— About this task —
Below are the records; print exactly the lines from the one with "Online Transaction Fraud" through the last, both included, and leave the pictures out.

(Items from a data source)
§
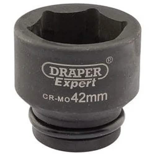 Expert Quality, 6 point sockets forged from chrome molybdenum hardened, tempered and chemically blacked for corrosion protection. Supplied with pin and ring. These sockets are for use with air, electric or manual impact wrenches. Packed in polythene bag with barcode.
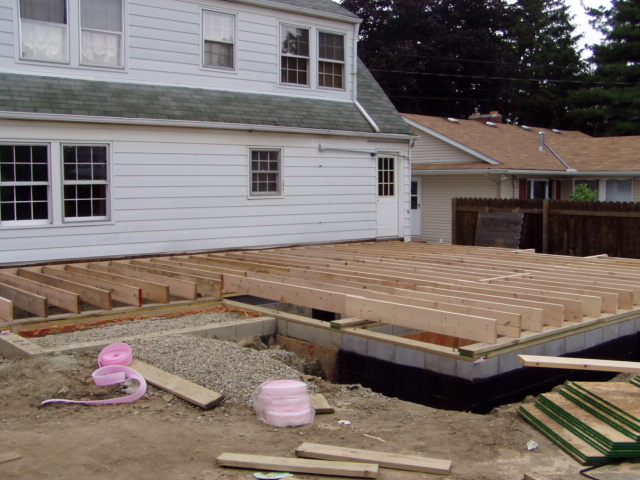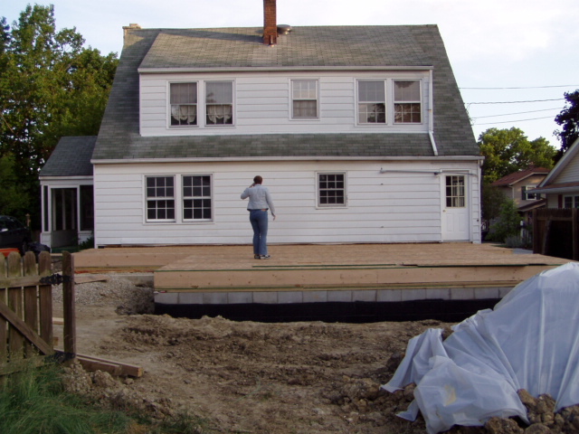 June 20: The subfloor is installed in the new first floor area. |
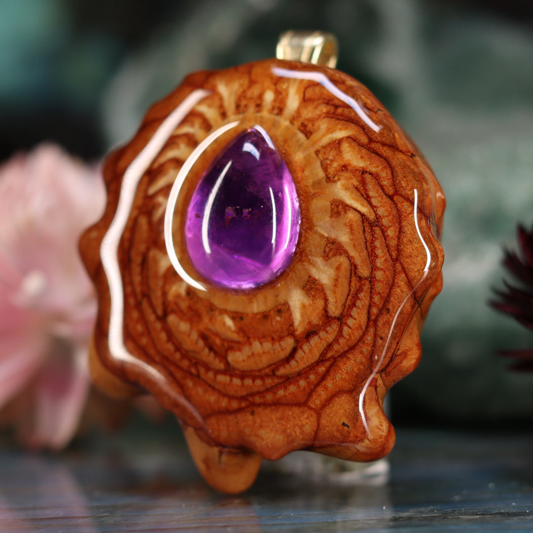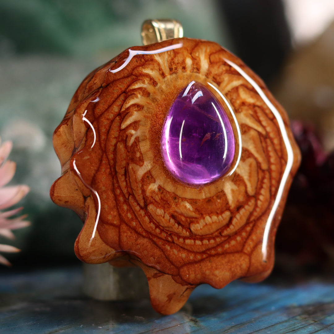 Every pinecone pendant is an elegant gift from Mother Nature -- unveiling the ornate Sacred Geometry hidden at the center of one of the world's densest Pinecones. Because only one cross-section is taken from the "heart" of each Cone, every pendant is absolutely unique, and truly one-of-a-kind.
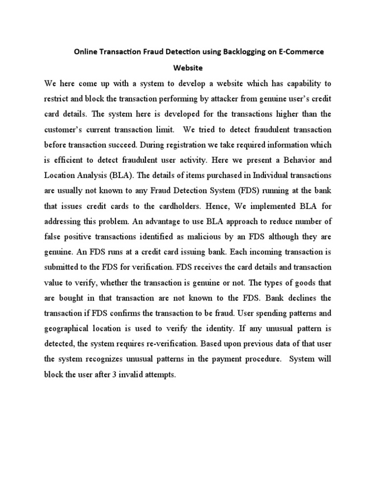 Online Transaction Fraud Detection using Backlogging on E-Commerce
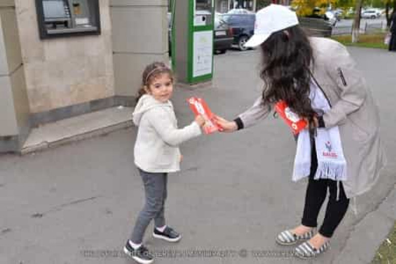 Երիտասարդ կամավորները բաժանում են «Էրեբունի-Երևան 2799» տոնական միջոցառումների ծրագրի տեղեկատվական ուղեցույցներ
§
— Written response —
 Online Transaction Fraud Detection using Backlogging on E-Commerce
 Երիտասարդ կամավորները բաժանում են «Էրեբունի-Երևան 2799» տոնական միջոցառումների ծրագրի տեղեկատվական ուղեցույցներ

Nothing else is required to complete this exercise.